Accedió a ello en el acto el jalifa y adjudicóle a Alí el palacio del judío con todo su
contenido, y aún le dijo:
—¡Pídeme una gracia, Alí!
Y Alí le respondió:
—Yo solo te pido que me dejes estar con tu tapiz y comer a tu mesa.
Y el jalifa le pregunto:
—¿Tienes tú algunos bravos contigo?
Y Alí le respondió:
—¡Ye emir de los creyentes! Cuarenta tengo, pero están en El Cairo.

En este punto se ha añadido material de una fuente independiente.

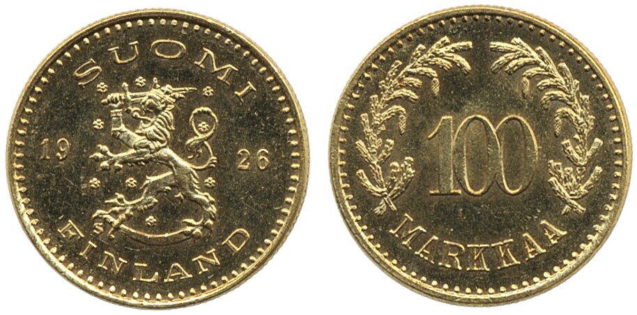 Coins, Finland. Republic, KM 28, 100 markkaa 1926. 1+/01.

Y el jalifa, al oírle, le dijo:

—Pues manda por ellos y traételos contigo.


Y luego añadió:
—Dime, Alí: ¿tienes algún lugar en que aposentarlos?
—¡No, emir de los creyentes! —respondió Alí.
Pero en esto tercio Hasán Schumán, diciendo:
—Yo le regalo el mío con todo cuanto encierra.
Pero el jalifa le replicó:
—¡No; tu residencia es tuya, Hasán! Y en el acto diole el jalifa al alarife del palacio diez
mil dinares para que le labrase a Alí una residencia con cuatro habitaciones y cuarenta
camarillas, para que en ellas durmieran sus cuarenta seides.
Y luego exclamó el jalifa:
—Dime, Alí: ¿quiere aún alguna otra cosa en que te pueda complacer?
—¡Ye emir de los creyentes! –respondióles Alí--. Solo desearía que mediases con Dalila, la
ladina, para que me diese en matrimonio a su hija Seineb y aceptase como dote el equipo de
boda de la hija de Uzra, el judío.
Aceptó Dalila la mediación del jalifa y tomó la dote, y acto seguido procedieron a extender
las sendas partidas de casamiento entre Alí y Seineb y la hija y la esclava del prendero y
Kámar, la hija del mercader judío, que se convirtiera al islamismo.
Y el jalifa asignóle a Alí un sueldo, más la mesa servida mañana y tarde, y otros muchos
gajes muy rumbosos y liberales.
Celebro Aliyu-l-Mizriyu su cuádruple boda con fiestas rumbosas que duraron treinta días, y
pasado este tiempo escribióles Alí a sus compañeros de Mizr una carta, comunicándoles la
suerte que había tenido con el jalifa, y en ellas les decía:
«No tenéis más remedio que veniros aquí conmigo, para que participe de mi buena suerte,
pues me he casado con cuatro mujeres.»
No tardaron en presentarse allí sus cuarenta compinches de Mizr, y Alí los alojó en su
residencia oficial, y los agasajó con tal esplendidez que no se podía pedir más.
Presentólos después al jalifa y éste les dispenso la mejor acogida y a todos les honro
regalándoles sendos trajes de honor.

Sintió aquí Schahrasad venir la aurora, y cortó el hilo de sus palabras cautivadoras.